All that remains of the herb stuffing is one stale crouton. Women ransack egg cartons and use Pam as mace. Visigoths sacking Rome. Suburban moms in a desperate skirmish for the last pumpkin pie. Same difference.
One wrong move -– a wobbly wheel, a tart bagger, a Six Flags line at the deli counter -– will send this wool-coated mass of hot and itchy women into a prison riot. We cling to that sliver of patience that keeps us civilized and not fanging someone’s carotid artery.
Thanksgiving. Yeah, I tell myself, I’m thankful all right. Thankful Mr. Corn Connoisseur finally decided on creamed over the low sodium version, thus enabling the angry horde behind him to inch forward.
Narrow aisles burst thirty times past capacity. The woman next to me is packing a shank she made from a turkey baster. In the no-pass lane, a man pushes a Hun toddler in one of those elongated carts shaped like a race car. Cranberry sauce cans topple as junior plays barbarian at the gate.

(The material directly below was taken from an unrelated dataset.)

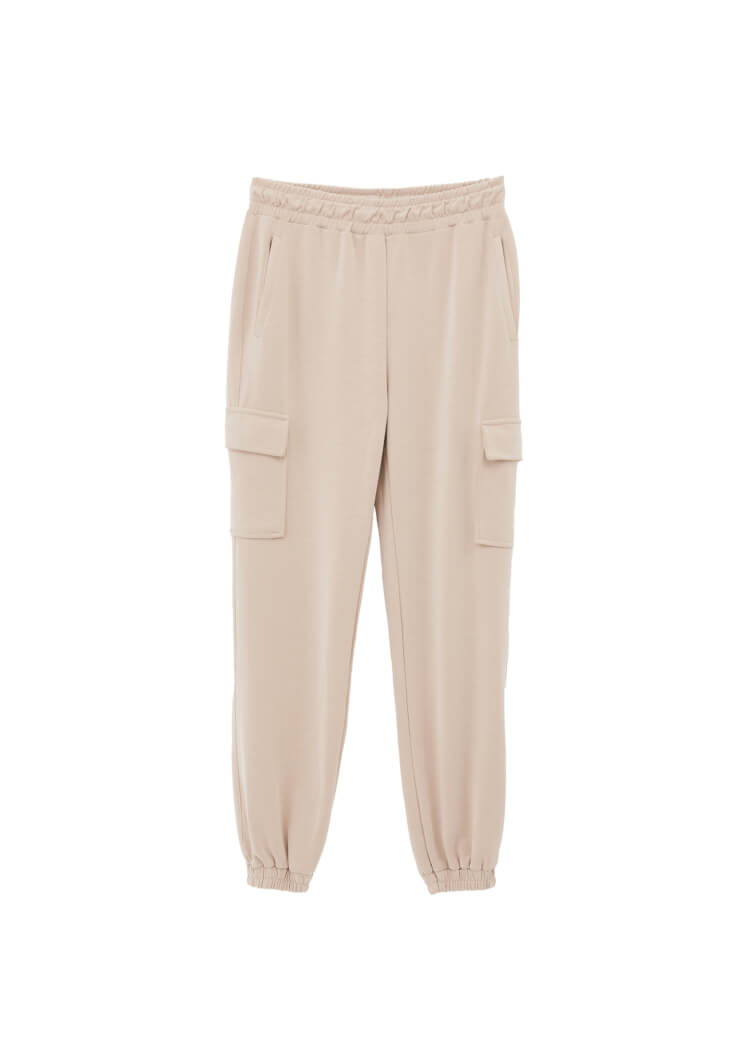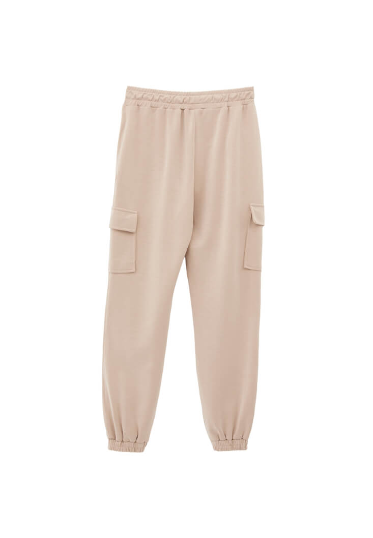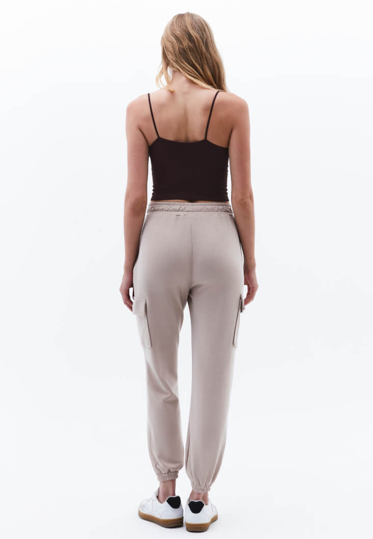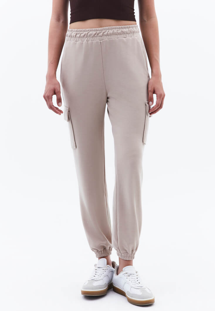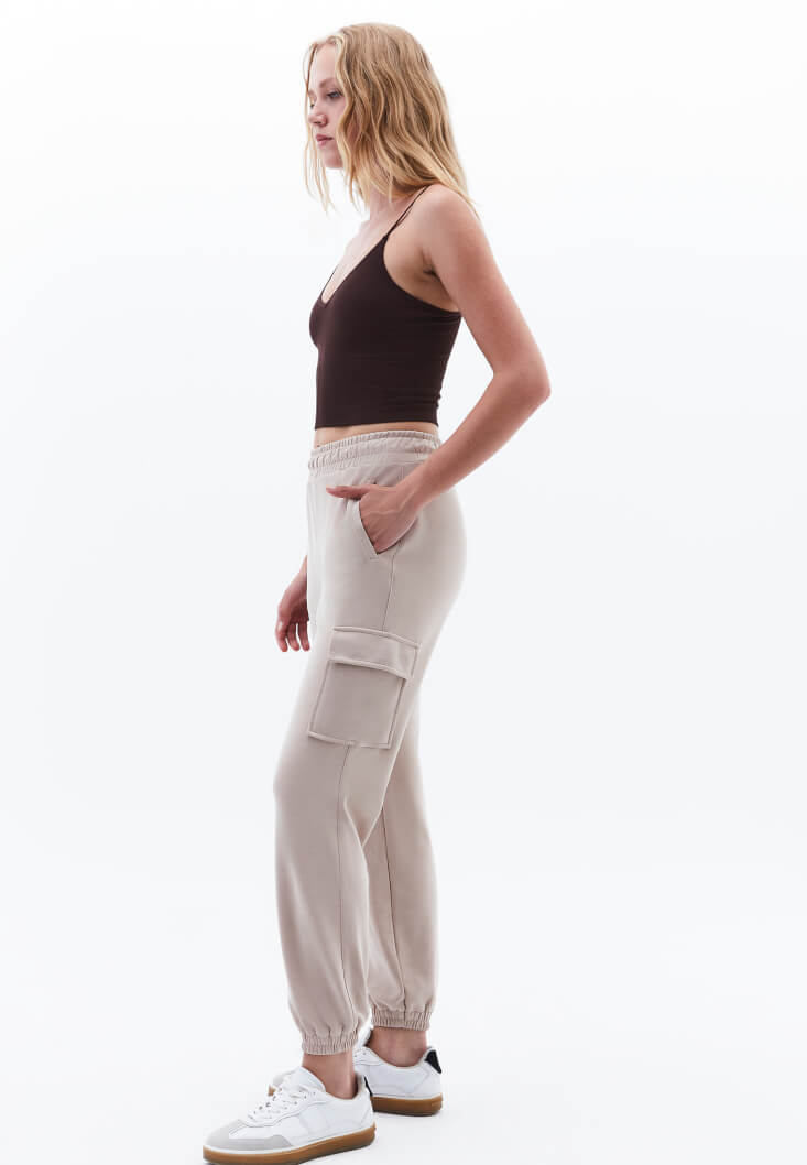 Modal karışımlı özel Soft Touch doku, yüksek bel, bedenden uzak jogger fit, paçası ve beli lastikli, üst kısmı iki cepli ve kargo cep detaylı.

A brunette’s eyes bore into me. “If this woman will just move her cart,” she snaps, jerking her chin toward me. Seven other people surround her, but she zeroes in on me, blaming me for crowds AND for scientists downgrading Pluto as a planet. She’s as much holiday cheer as Joan Crawford waving that Comet can.
As the hour grows dire, so does my anxiety. When I open a cooler and grab ice cream treats, I fear both my arm and the door will be sheared off as a maniac hurtles toward a newly opened checkout. I glance at the bottle of Merlot in the cart. Any more stress, and I’ll chew off the cork and guzzle it right here in front of the Cocoa Puffs.
Wheels squeal as I make turns at 45 MPH. I’m almost done. Whoops. Lingered one second too long in front of the frozen pizzas. A woman glares. She might engage in a game of Ram-O-Cart.
I began this journey, calm and festive, at the produce section. I am now in the toiletries, sweaty, twitchy, and with broken teeth. Through blurred vision, I see the Enquirers and Peoples. Ahhh. The checkered finish line.
As I steer my purchases out the automatic doors and bask in the final gleam of fluorescence, I step into the cold, piteous night of lawlessness. The parking lot. Pioneers facing wolves and tomahawks had better odds.
Then I exhale, relieved. The Boy Scouts are not only selling wreaths and trees, but pitchforks and torches. I should be home in five minutes.